3.  Appoint a strong health care agent whom you trust to enforce your advance directive.

4.  You may want to supplement your advance directive with a POLST (Physician Orders For Life-Sustaining Treatment). Unlike an advance directive, POLST is immediately actionable and more likely to be honored. But if your preferences were specific to the surge situation, you should revise your POLST after the pandemic.

What to do now

There are four actions that can be taken before falling sick or becoming incapacitated:

1.  Complete an advance directive appointing a healthcare agent or surrogate, along with one or more alternates.  For a discussion of this process see this site and this site.  For copies of state advance directives see this site. 

2.  Read more about the use of ventilators here and here before deciding whether and under what conditions you want to have one used for your treatment.

3.  To help decide about the use of a ventilator, use this decision form or a similar form to be added to your advance directives and given to your healthcare agent.

4.  Talk to your treating clinician about a POLST, if appropriate.

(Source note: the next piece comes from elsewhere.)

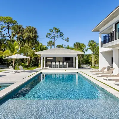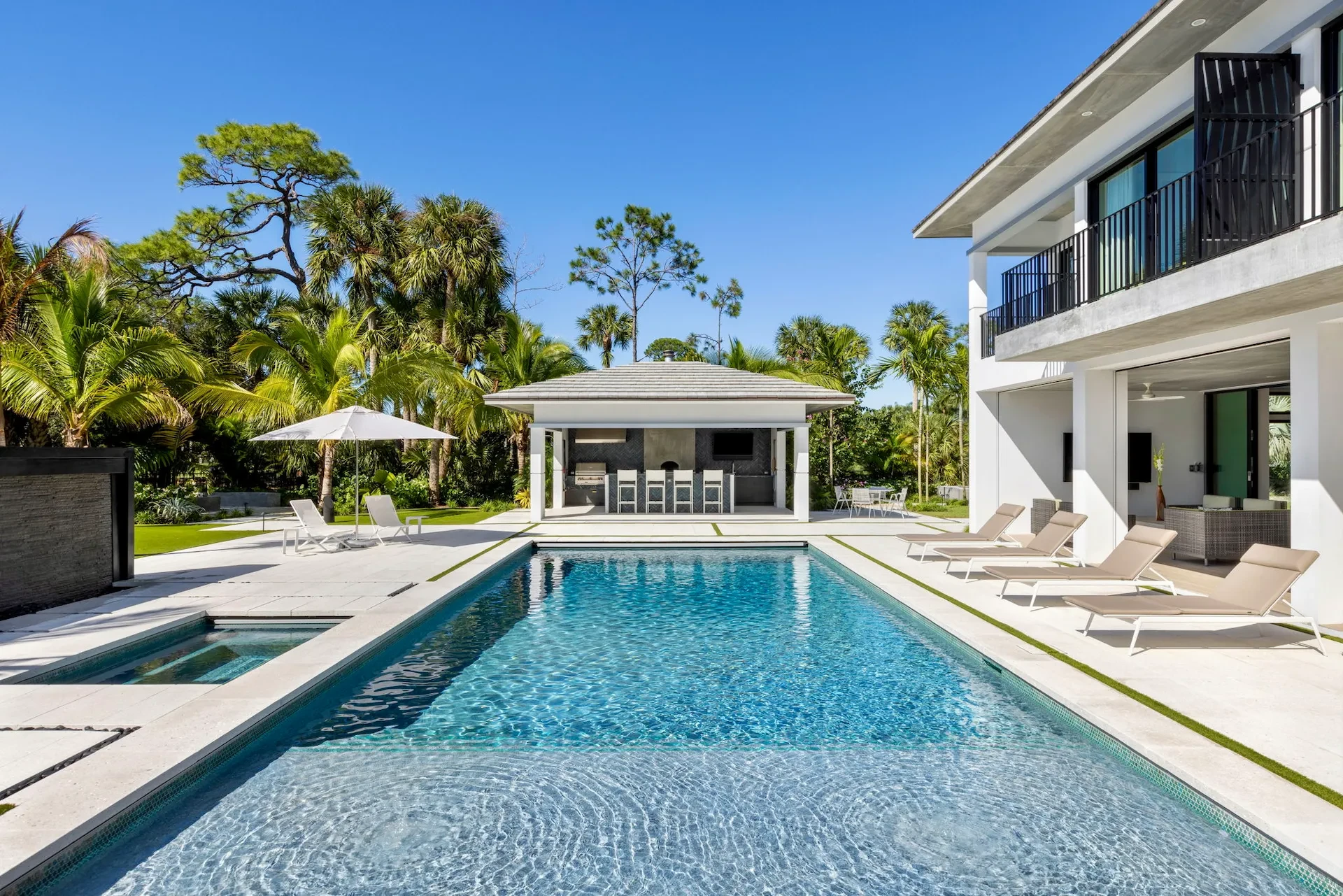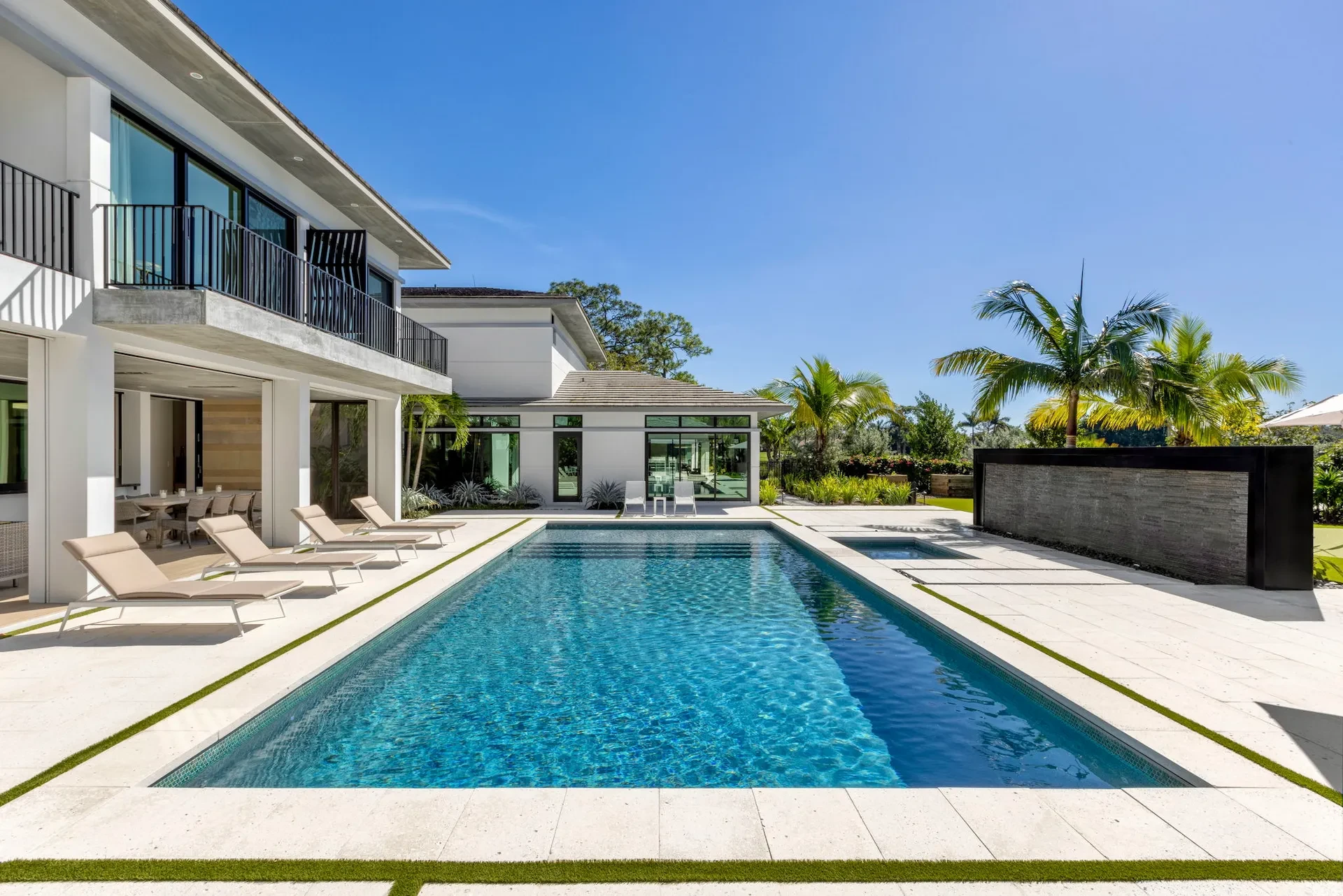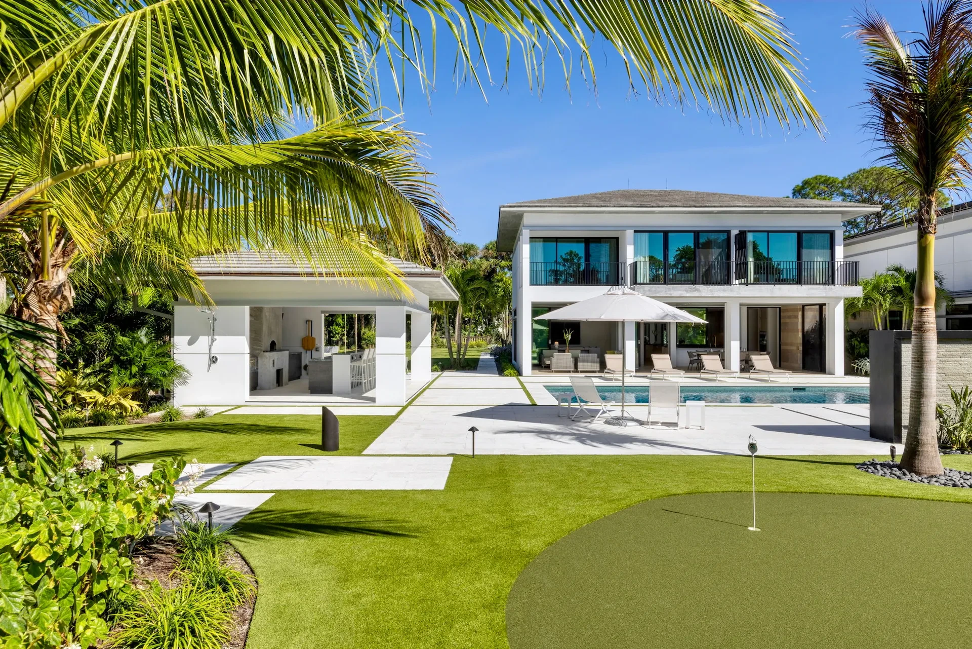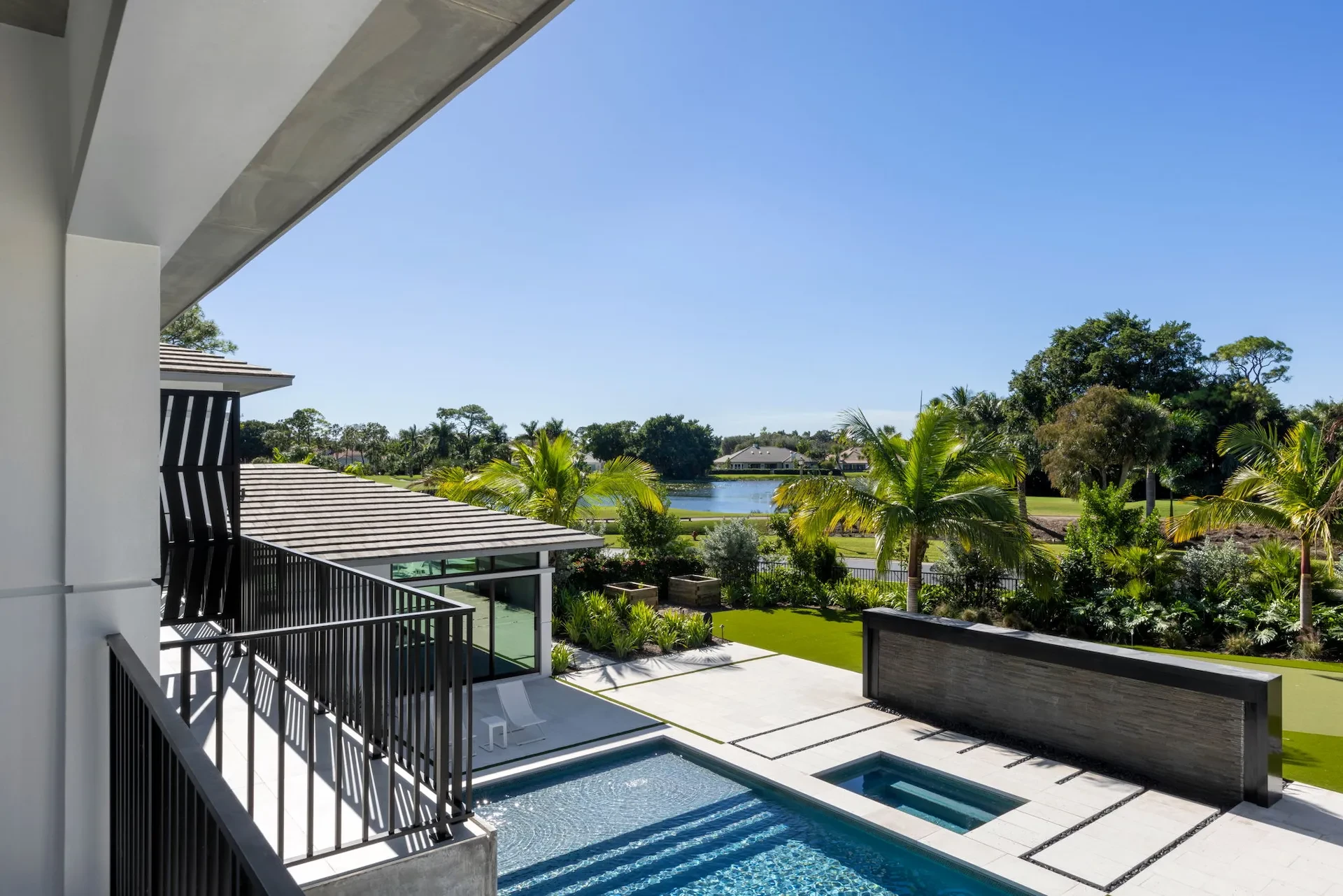 We were thrilled to contract with Joan and Jeff, having built a home for Jeff’s parents years earlier. Inspired by those fond memories, and in collaboration with award-winning architect Mitchell O’Neill, we created a modern masterpiece tailored to their passions. At the heart of the home is a water feature that subtly scores their wedding song, "It's a Beautiful Life" in the tile accents. Musical themes echo throughout, from melodic tile patterns to the rhythmic flow of space. Outdoors, a summer kitchen, bocce court, large putting green, and glowing fire pit form a luxurious playground unlike anything we’ve built before. This home? Pure harmony—and worthy of a standing ovation.

Now is the time to make known your healthcare wishes to your healthcare agent and alternate healthcare agent(s), as well as your family.  In the worst of circumstances, neither you nor your agent may be able to make known your wishes if you become ill with the coronavirus, but not having an advance directive and a healthcare agent will certainly make it impossible for your wishes to be known and implemented if you are incapcitated.

Keep following the protocols:  keep physical distancing, wear a mask, disinfect or wash your hands for 20 seconds after touching surfaces or objects that may be contaminated with the virus, and don’t gamble with this virus.  It can be deadly at all ages and in all physical conditions.